Stereoselective analysis of bupropion and hydroxybupropion in human plasma and urine by LC/MS/MS.

作者信息

Coles Rebecka, Kharasch Evan D

机构信息

Division of Clinical and Translational Research, Department of Anesthesiology, Washington University, St Louis, MO 63110, USA.

出版信息

J Chromatogr B Analyt Technol Biomed Life Sci. 2007 Sep 15;857(1):67-75. doi: 10.1016/j.jchromb.2007.07.007. Epub 2007 Jul 10.

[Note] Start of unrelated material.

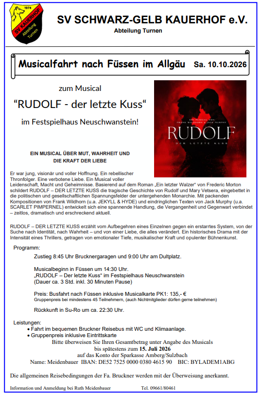 Musicalfahrt nach Füssen im Allgäu Sa. 10.10.2026

DOI:10.1016/j.jchromb.2007.07.007
PMID:17656162
Abstract

A sensitive, stereoselective assay using solid phase extraction and LC-MS-MS was developed and validated for the analysis of (R)- and (S)-bupropion and its major metabolite (R,R)- and (S,S)-hydroxybupropion in human plasma and urine. Plasma or glucuronidase-hydrolyzed urine was acidified, then extracted using a Waters Oasis MCX solid phase 96-well plate. HPLC separation used an alpha(1)-acid glycoprotein column, a gradient mobile phase of methanol and aqueous ammonium formate, and analytes were detected by electrospray ionization and multiple reaction monitoring with an API 4000 Qtrap. The assay was linear in plasma from 0.5 to 200 ng/ml and 2.5 to 1000 ng/ml in each bupropion and hydroxybupropion enantiomer, respectively. The assay was linear in urine from 5 to 2000 ng/ml and 25 to 10,000 ng/ml in each bupropion and hydroxybupropion enantiomer, respectively. Intra- and inter-day accuracy was >98% and intra- and inter-day coefficients of variations were less than 10% for all analytes and concentrations. The assay was applied to a subject dosed with racemic bupropion. The predominant enantiomers in both urine and plasma were (R)-bupropion and (R,R)-hydroxybupropion. This is the first LC-MS/MS assay to analyze the enantiomers of both bupropion and hydroxybupropion in plasma and urine.

摘要

开发并验证了一种使用固相萃取和液相色谱 - 串联质谱的灵敏、立体选择性分析方法,用于分析人血浆和尿液中的(R)-和(S)-安非他酮及其主要代谢物(R,R)-和(S,S)-羟基安非他酮。将血浆或经葡萄糖醛酸酶水解的尿液酸化,然后使用沃特世Oasis MCX固相96孔板进行萃取。高效液相色谱分离使用α(1)-酸性糖蛋白柱、甲醇和甲酸铵水溶液的梯度流动相,通过电喷雾电离和API 4000 Qtrap进行多反应监测来检测分析物。该分析方法在血浆中,每种安非他酮和羟基安非他酮对映体的线性范围分别为0.5至200 ng/ml和2.5至1000 ng/ml。在尿液中,每种安非他酮和羟基安非他酮对映体的线性范围分别为5至2000 ng/ml和25至10,000 ng/ml。对于所有分析物和浓度,日内和日间准确度均>98%,日内和日间变异系数均小于10%。该分析方法应用于一名服用消旋安非他酮的受试者。尿液和血浆中的主要对映体均为(R)-安非他酮和(R,R)-羟基安非他酮。这是首个用于分析血浆和尿液中安非他酮和羟基安非他酮对映体的液相色谱 - 串联质谱分析方法。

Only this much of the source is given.